Хорошо поставлено ломоносовское хозяйство, крепко срублен дом, весело смотрит он на дорогу. Все должно говорить людям о ломоносовском довольстве и веселье.

Веселье?

Вот этого-то и нет теперь в зажиточном доме Василия Дорофеевича. Все сильнее хмурится отец, все более молчаливым делается сын.

Что и как решится сегодня утром?

– Ну, Михайло, будто кончаются твои науки. К чему же они тебя привели? Какую правду открыли? – спросил Василий Дорофеевич, начиная хороню обдуманный разговор. – Ты сядь – беседа не короткая.

– Какую правду? Такую, что человеку потребно всегда идти вперед.

– Правда хорошая. Только новая ли? Еще в запрошлом годе, как на Колу мы шли, про то же тебе я говорил. Однако почему ты с твоей книжной правдой от меня прячешься? Сумрачен стал, говоришь мало. Не пристало с правдой прятаться. Да еще от кого – от отца родного. Я вон чую в своем истину – прямо и говорю. Ты-то почему молчишь?

– Не потому, что моя правда мала.

Отец крякнул.

– Так… Обиняками-то у тебя навык говорить. Вроде троп ты в жизни нехоженых ищешь. А мало ли уже по жизни троп прошло? Вот об одной для тебя и думаю. Слушай. Зверя я промышлял, рыбу ловил, по морю ходил, в «Кольском китоловстве» состоял. Делал все, к чему помор приставлен. А кроме того, купишь на свои деньги соль, муку или иное что в другое место, к другим людям перевезешь, там продашь, смотришь – прибыль сама идет. Деньга деньгу делает, деньга к деньге катится. Дело-то вокруг деньги́ вертится.

– А не всякое, батюшка. И вот еще что. Несытая алчба* имения и власти род людской к великой крайности приводила. Какие только страсти эта алчба не будила в сердцах! И многое зло она устремила на людей. С ней возросли и зависть, и коварство. Дело, что вокруг деньги вертится, не всегда доброе.

– Во всем можно недоброе совершить, ежели к тому охота. Баженинское дело – недоброе разве? Посмотри на Бажениных. Из наших черносошных* крестьян, а каково справляются! Немалое дело раздуто – Вавчужская верфь. На всю Двинскую землю… Что Двинскую! На все Поморье ставят Баженины суда торговые – галиоты* и гуккоры. И военные суда Баженины для казны делают. А каков почет им! Сам великий государь Петр Алексеевич, как жаловал к нам, у них, в Вавчуге, гостем был и милостьми миловал. Ну, до Бажениных далеко, однако в купцы выйдешь. Не вперед ли?

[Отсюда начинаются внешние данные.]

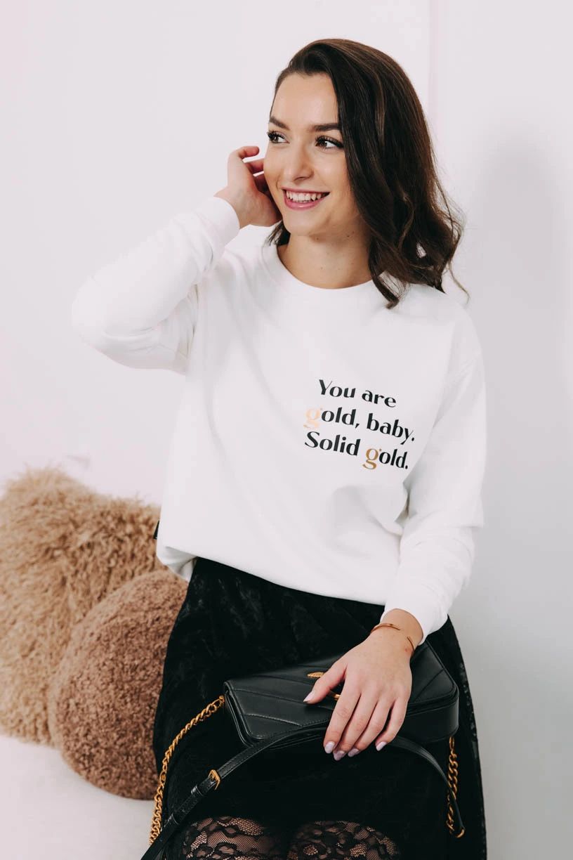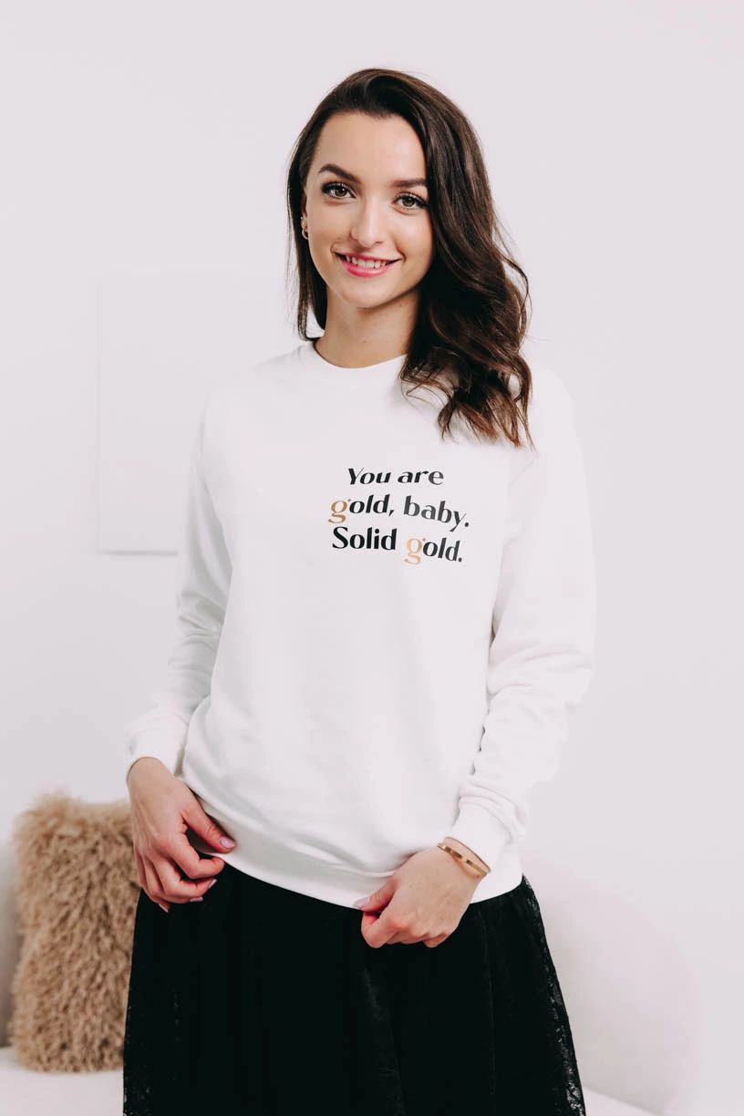 Mikina Asata z príjemnej bavlny a v trendy ecru farbe osloví každého, kto rád hovorí bez slov. Nápis „You are gold, baby. Solid gold.“ totiž hovorí za všetko.

– По книгам идти вперед – к свободе.

– А мое-то, о чем говорю, не свобода ли?

– По книгам – свобода разуму.

– Ежели руки и ноги у тебя, к примеру, связаны, какая свобода разуму может выйти? Ты вот скажи мне: кто ты таков есть?

Михайло не понял.

– Мужик ты есть. Сын крестьянский. И как же тебе полную свободу книги дадут? А мое-то – даст. Купеческая жизнь другая, свободная.

Михайло молчал.

– Как же ты думаешь идти со своими науками вперед у нас, в здешнем? Ежели не в наше дело, не в хозяйство, то во что с книгами и науками становиться будешь?

– Вроде не во что. У нас.

– A-а… Вон что. Только запомни: без моего дозволения никуда не уйдешь. Пашпорта не получишь. А без пашпорта если где окажешься, то нашего брата мужика кнутом бьют.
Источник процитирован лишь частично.